The SWITCH study (sensing with insulin pump therapy to control HbA(1c)): design and methods of a randomized controlled crossover trial on sensor-augmented insulin pump efficacy in type 1 diabetes suboptimally controlled with pump therapy.

机构信息

Endocrinology and Diabetes Unit, Biomedical Research Institute "August Pi i Sunyer," Biomedical Research Centre on Diabetes and Associated Metabolic Diseases, and University Clinical Hospital, Barcelona, Spain.

出版信息

Diabetes Technol Ther. 2011 Jan;13(1):49-54. doi: 10.1089/dia.2010.0107.

Abstract

BACKGROUND

studies investigating the effect of real-time continuous glucose monitoring (CGM) combined with pump therapy on glycemic outcomes in type 1 diabetes are increasing. Pump therapy is well established as a "gold standard" for insulin delivery, offering improvements over multiple daily insulin injections. However, there is still a proportion of subjects using continuous subcutaneous insulin infusion in whom goals for metabolic control are far from achieved or benefits of this type of insulin therapy are transient. The SWITCH (Sensing With Insulin pump Therapy to Control HbA(1c) [hemoglobin A1c]) study is a multicenter, randomized, controlled, crossover study to evaluate if adding CGM to experienced pump patients with suboptimal metabolic control will provide additional insight enabling clinical and therapeutic benefit.

METHODS

subjects meeting the inclusion criteria were randomized to Sensor On or Sensor Off arms for 6 months, after a 1-month run-in period.

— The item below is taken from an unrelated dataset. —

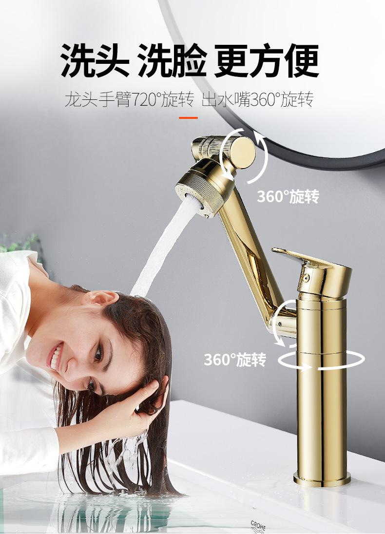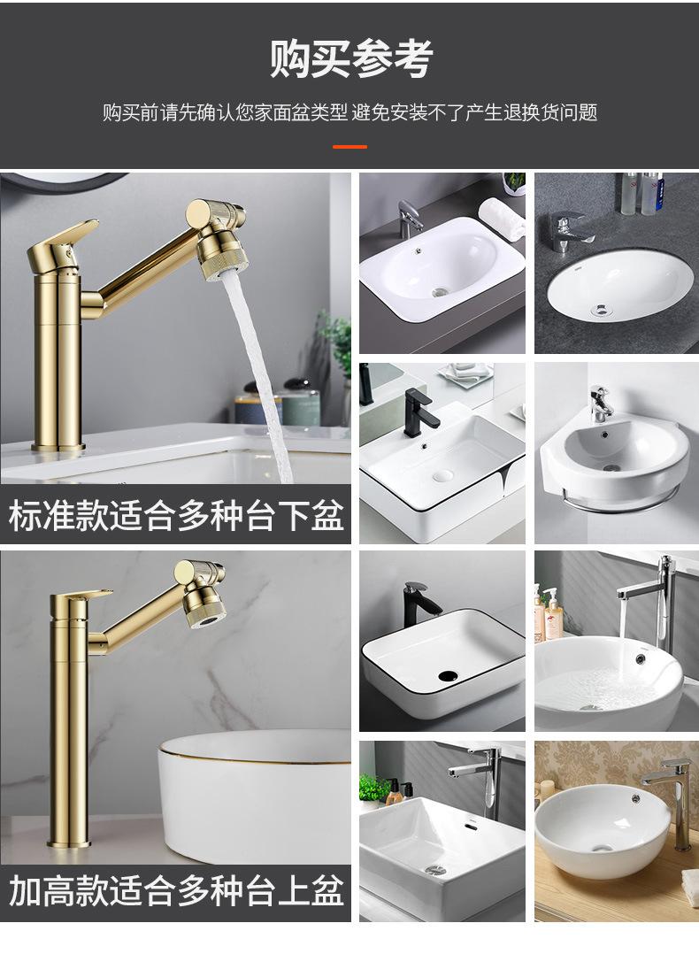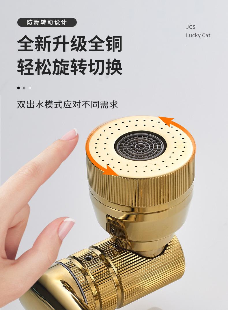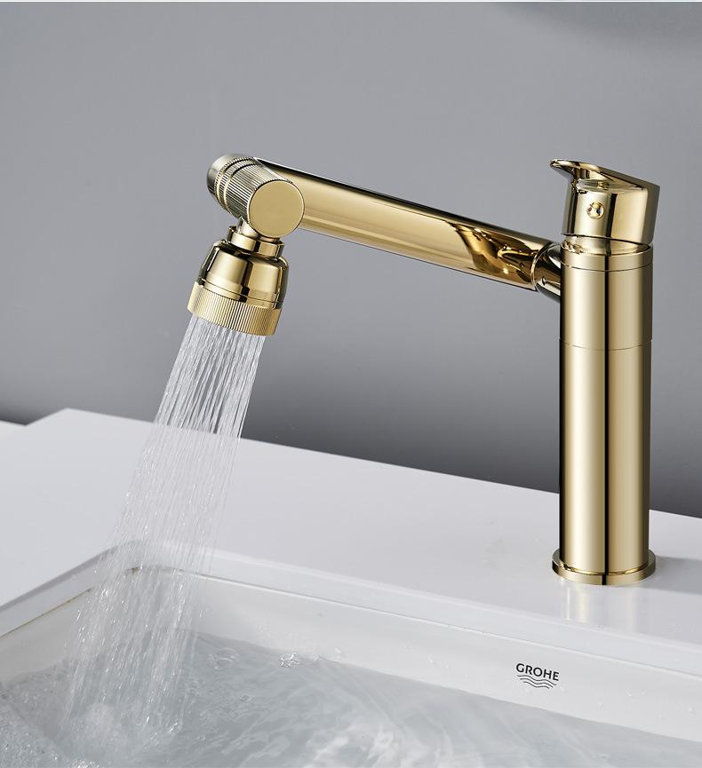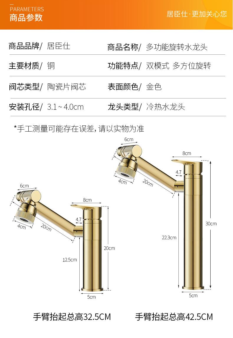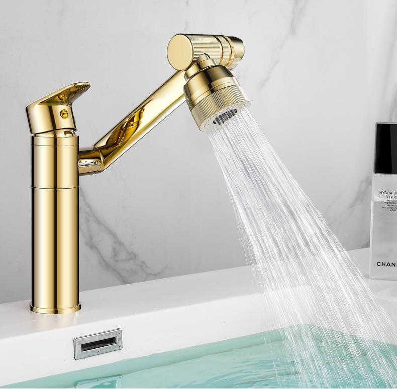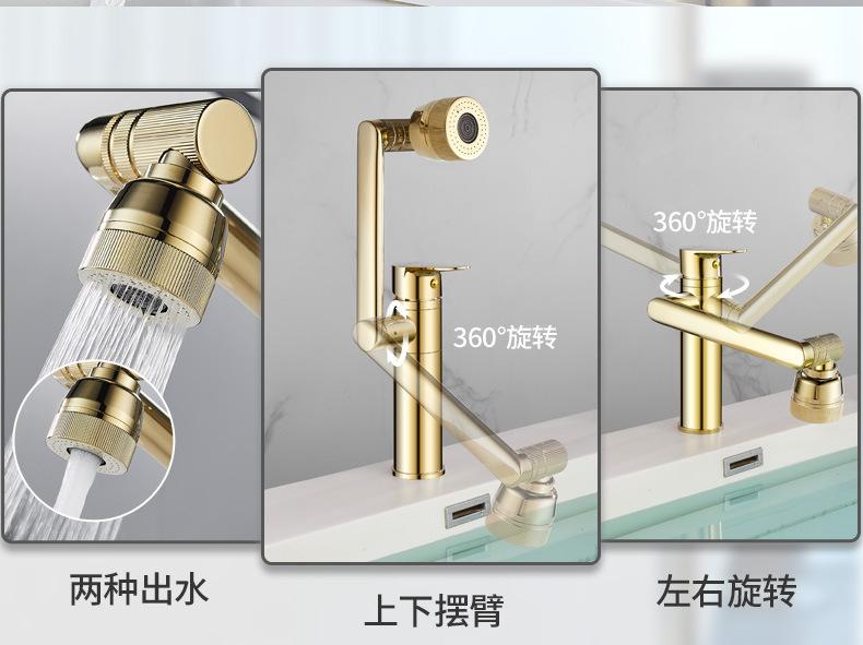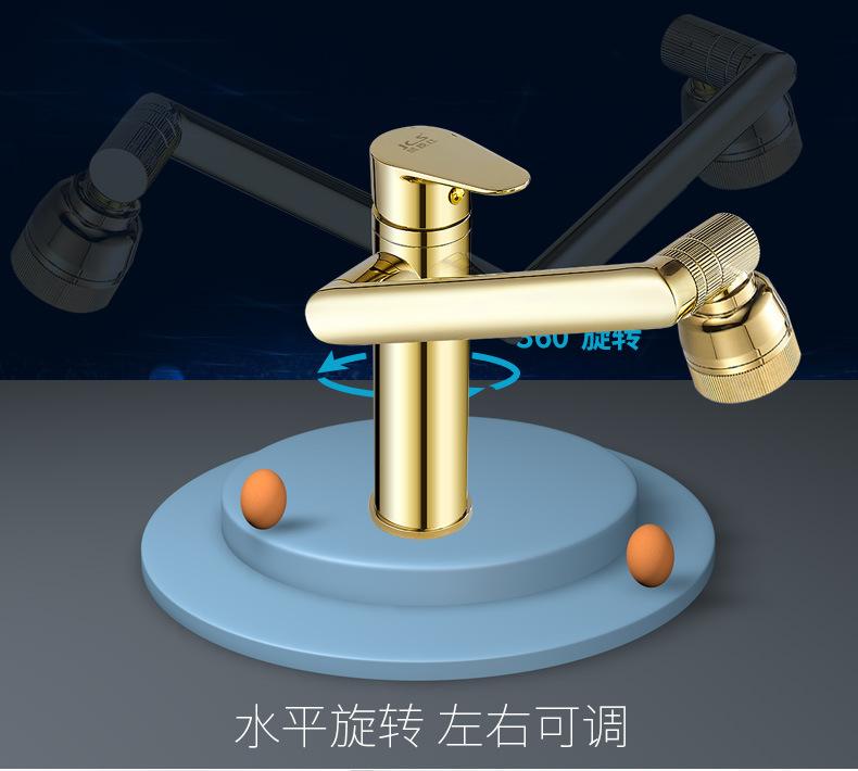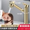 Grifo Dorado para Lavabo Frío y Caliente Todo Cobre Lavabo Doméstico Universal Giratorio Lavabo de Inodoro Grifo de Lavabo

Following a 4-month washout period, the subjects crossed over to the other study arm for 6 months. The primary end point was the between arm difference in HbA(1c) levels. Among others, additional end points include time spent in different glycemic ranges, percentage of patients with HbA(1c) <7%, number of hypoglycemic events, glucose variability parameters, safety outcomes, treatment satisfaction, and quality of life.

RESULTS

recruitment occurred between January 2008 and February 2009. A total of 153 patients were randomized. Study completion is anticipated in July 2010.

CONCLUSIONS

the results will establish if adding CGM to existing, capable, insulin pump users can enable better metabolic control.

摘要

背景

研究实时连续血糖监测(CGM)联合泵治疗对 1 型糖尿病血糖控制效果的研究越来越多。泵治疗作为胰岛素输送的“金标准”已得到很好的确立,与多次每日胰岛素注射相比,有许多改进之处。然而,仍有一部分使用持续皮下胰岛素输注的患者,其代谢控制目标远未达到,或者这种胰岛素治疗的益处是短暂的。SWITCH(用胰岛素泵治疗来控制糖化血红蛋白 [HbA1c])研究是一项多中心、随机、对照、交叉研究,旨在评估在代谢控制不理想的有经验的泵治疗患者中添加 CGM 是否会提供额外的见解,从而带来临床和治疗上的益处。

方法

符合纳入标准的患者被随机分为传感器开启或传感器关闭臂 6 个月,在 1 个月的导入期后。经过 4 个月的洗脱期后,患者交叉进入另一个研究臂 6 个月。主要终点是臂间 HbA1c 水平的差异。其他终点包括不同血糖范围内的时间、HbA1c<7%的患者比例、低血糖事件的次数、血糖变异性参数、安全性结果、治疗满意度和生活质量。

结果

招募工作于 2008 年 1 月至 2009 年 2 月进行。共有 153 名患者被随机分组。预计 2010 年 7 月完成研究。

结论

研究结果将确定在有经验、有能力的胰岛素泵使用者中添加 CGM 是否可以更好地控制代谢。